Contrasting modes of governance for the protection of humans and animals in Canada: lessons for reform.

AuthorSchuppli, Catherine A.
PositionSpecial Issue: Canadian Governance for Ethical Research Involving Humans

"The cover of a recent edition of Time magazine features a research subject in a cage with the caption 'human guinea pigs,' signifying perhaps that human subjects are no more protected from research abuses than are laboratory animals." (1) However, as Barnes and Florencio state: "Ironically, in certain respects, animal research is more stringently regulated than is human subjects research" and note how this is the case in the U.S. (2) In this article, our argument will be that the governance of research involving animals in Canada is not only more stringent but better, in other respects, than the governance of research involving humans. This analysis offers insight and suggests a rationale for reforming the governance of research involving humans.

There are many similarities between the two governance systems, including:

* Similar histories and many common ethical concerns centring on the tension between the social benefits of research and the interests of the research subjects;

* Use of local review committees to assess research proposals as part of the process of research approval; and

* National guidelines enforced by conditional research funding.

Yet we find major features of the governance system in animal research that are either absent or underdeveloped in human research. These include:

* At the national level, arm's length, independent, and transparent oversight of research;

* A national system of quality assurance and accreditation/certification for local systems of protection;

* Systematically gathered and publicly available information on the volume and type of research;

* A national curriculum of education mandated for those conducting or involved in research using animals.

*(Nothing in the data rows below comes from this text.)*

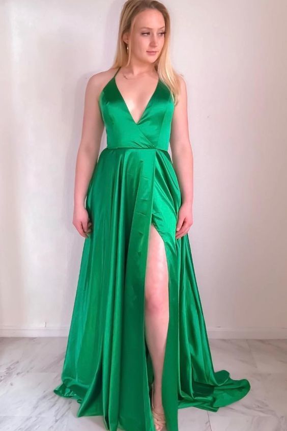 V neck Green Front Slit Evening Dress, Sexy Sleeveless Long Prom Dress,Back Open Formal Party Gown
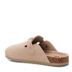 Zueco clásico para mujer fabricado en serraje de puntera cerrada y correa ajustable mediante hebilla metálica lateral, entresuela de corcho y una altura aprox de 3 cm.
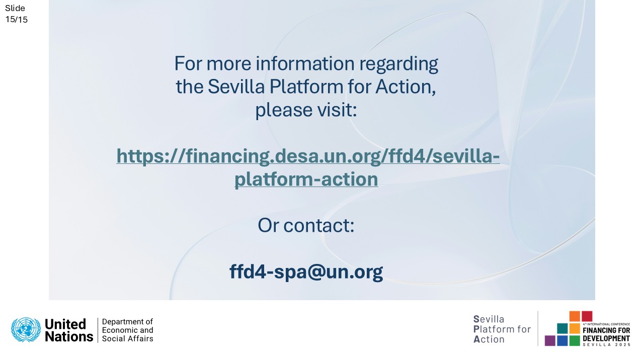 - For more information regarding the SPA, email: ffd4-spa@un.org
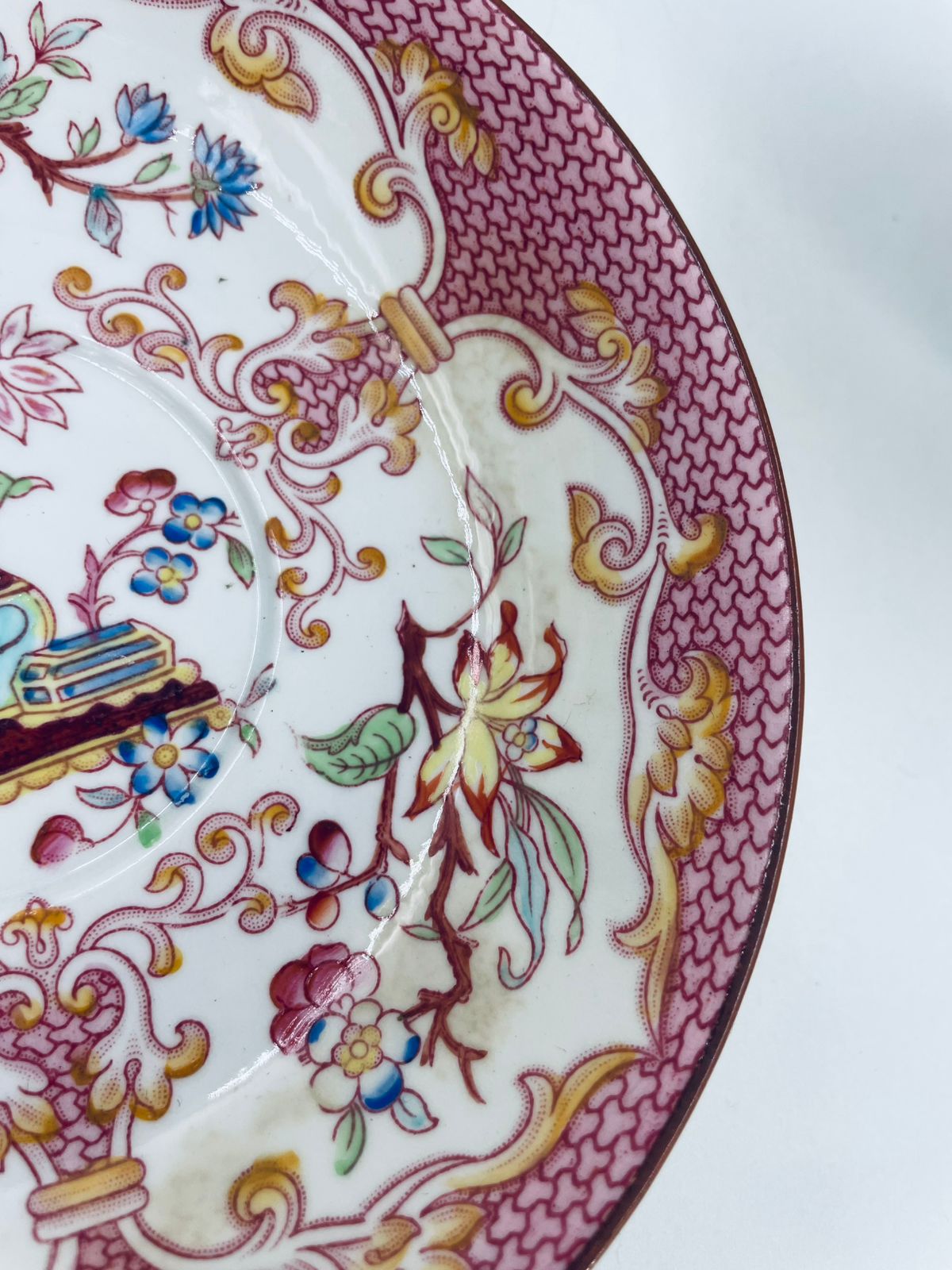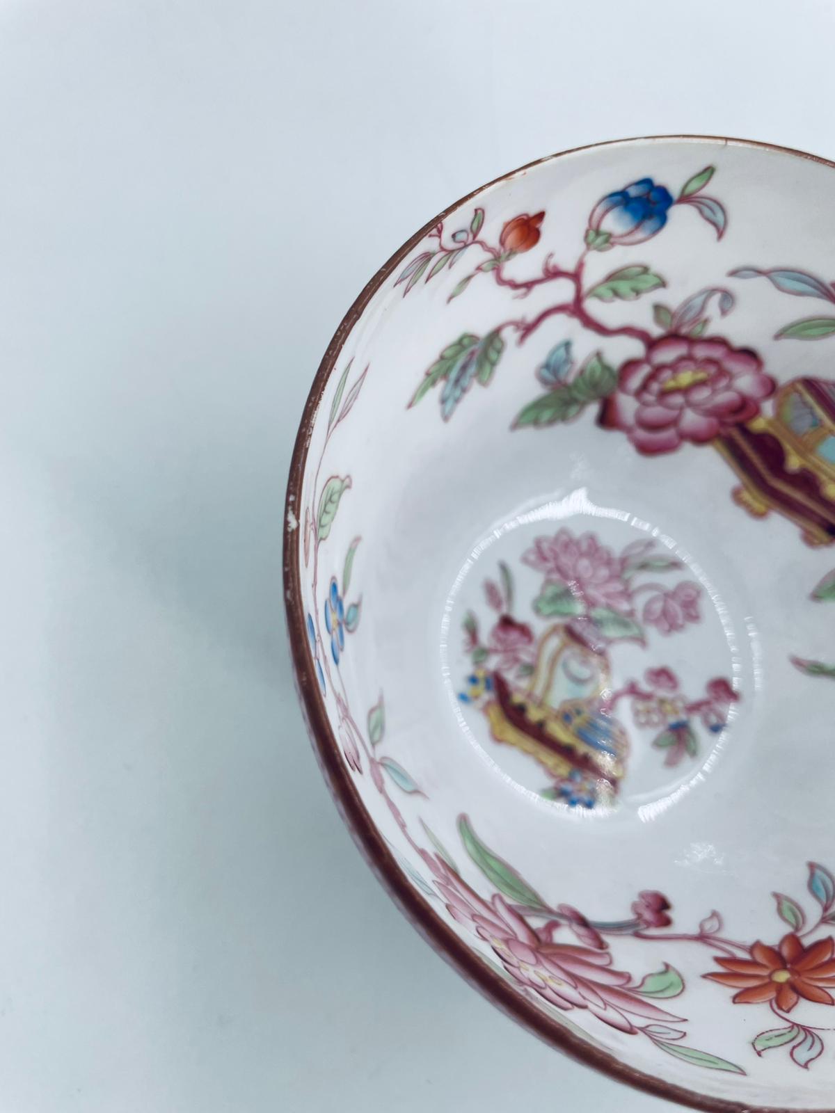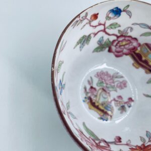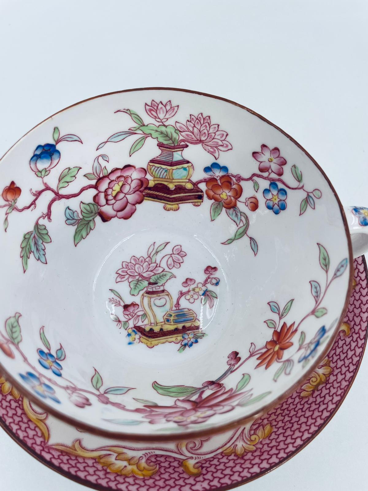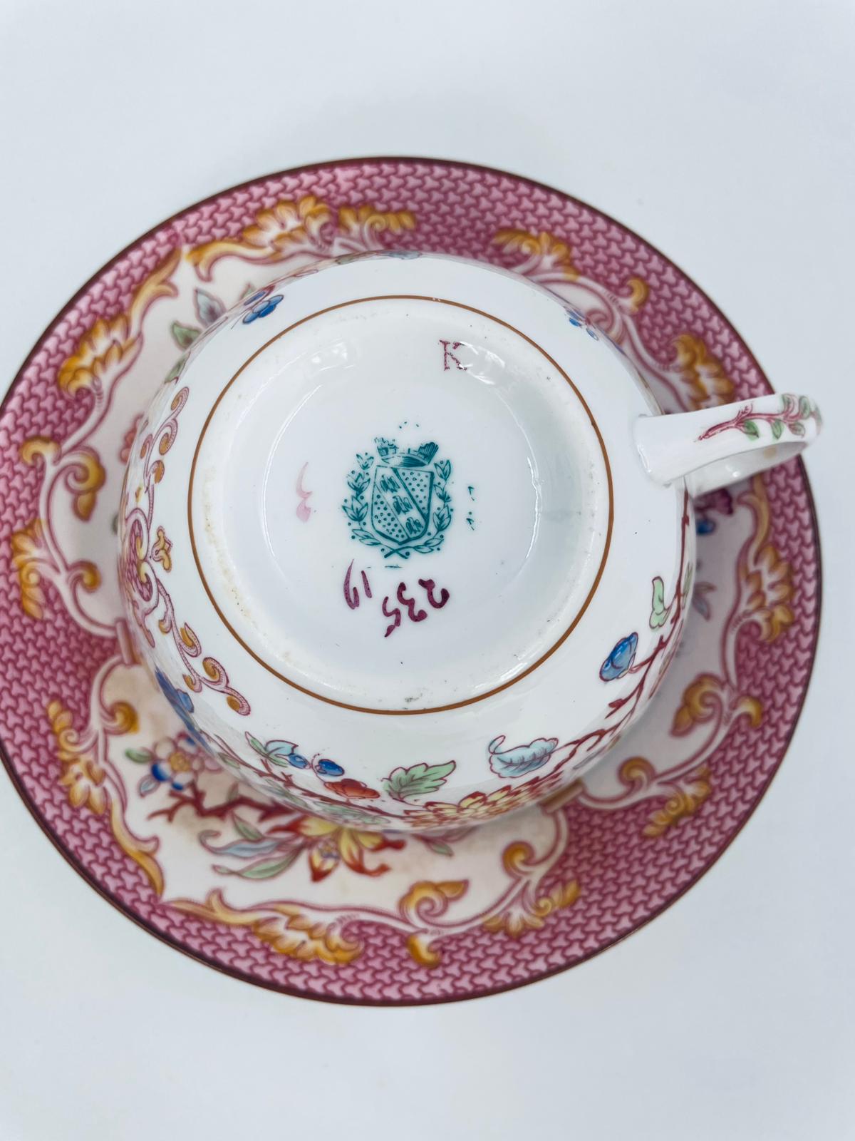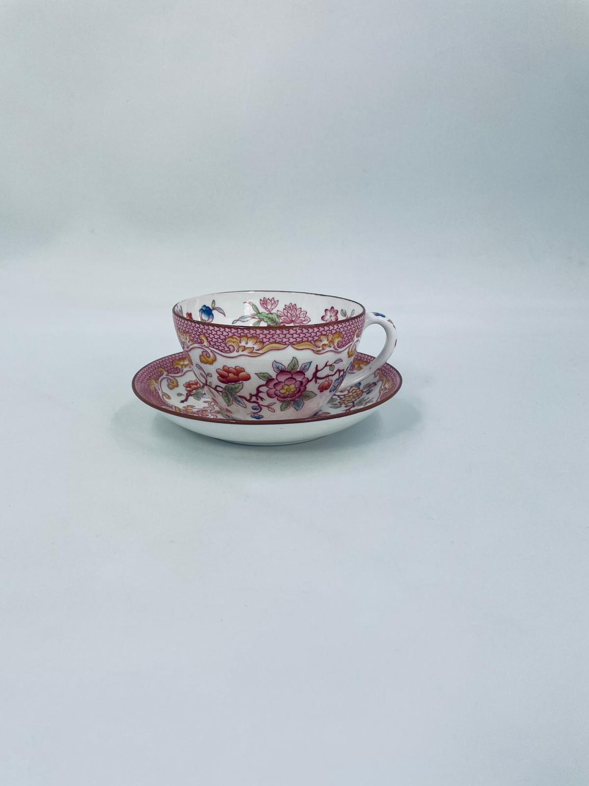 Antyczna filiżanka kolekcjonerska w zestawie duo, wytwórni Sarreguemines Minton z 1860r., wykonana z najwyższej jakości białej porcelany glazurowanej. Zestaw charakteryzuje się ręcznie malowana dekoracją w odcieniu różu w stylu „japonizmu” w motywach orientalnych z dalekiego wschodu, wykończony kolorem brązowym na krawędziach. Filiżanka posiada piękny, dekoracyjny uchwyt. Posiada drobne przetarcie na rancie oraz przebarwienie na spodku.

Below we describe in more detail these similarities and differences. We begin with a brief description of research involving animals and the connections it has to research involving humans and why the two systems might learn from each other. After making comparisons in six key areas of governance (compliance, independence, transparency, accountability, quality assurance and education), we offer some hypotheses about the reasons for significant differences between these areas of governance and draw some lessons for the reform of research involving humans. Given that this article is part of a special issue on Canadian governance for research involving humans, we assume that readers will be more familiar with human research than animal research, and so go into more detail about the latter.

Background

There are many reasons why the governance system of research animals is applicable to the system for humans. In biomedical research, animal and human studies are inextricably linked. Much knowledge and many assumptions about human biology have their basis in animal models. In fact, the history of using animal models dates back to 300 A.D.. (3) Currently, when pharmaceutical products or new procedures demonstrate promise for human use, testing for safety and efficacy in animals is required before testing may begin in humans. (4) Many of the fundamental

ethical issues and principles in research involving animals are similar to those for research involving humans. Both recognize the importance of research that benefits humans or animals, or that advances our knowledge, as long as this is achieved in an ethically appropriate manner, including meeting substantive standards related to potential harm, benefit, and social value, as well as procedural standards, such as independent ethical review. (5)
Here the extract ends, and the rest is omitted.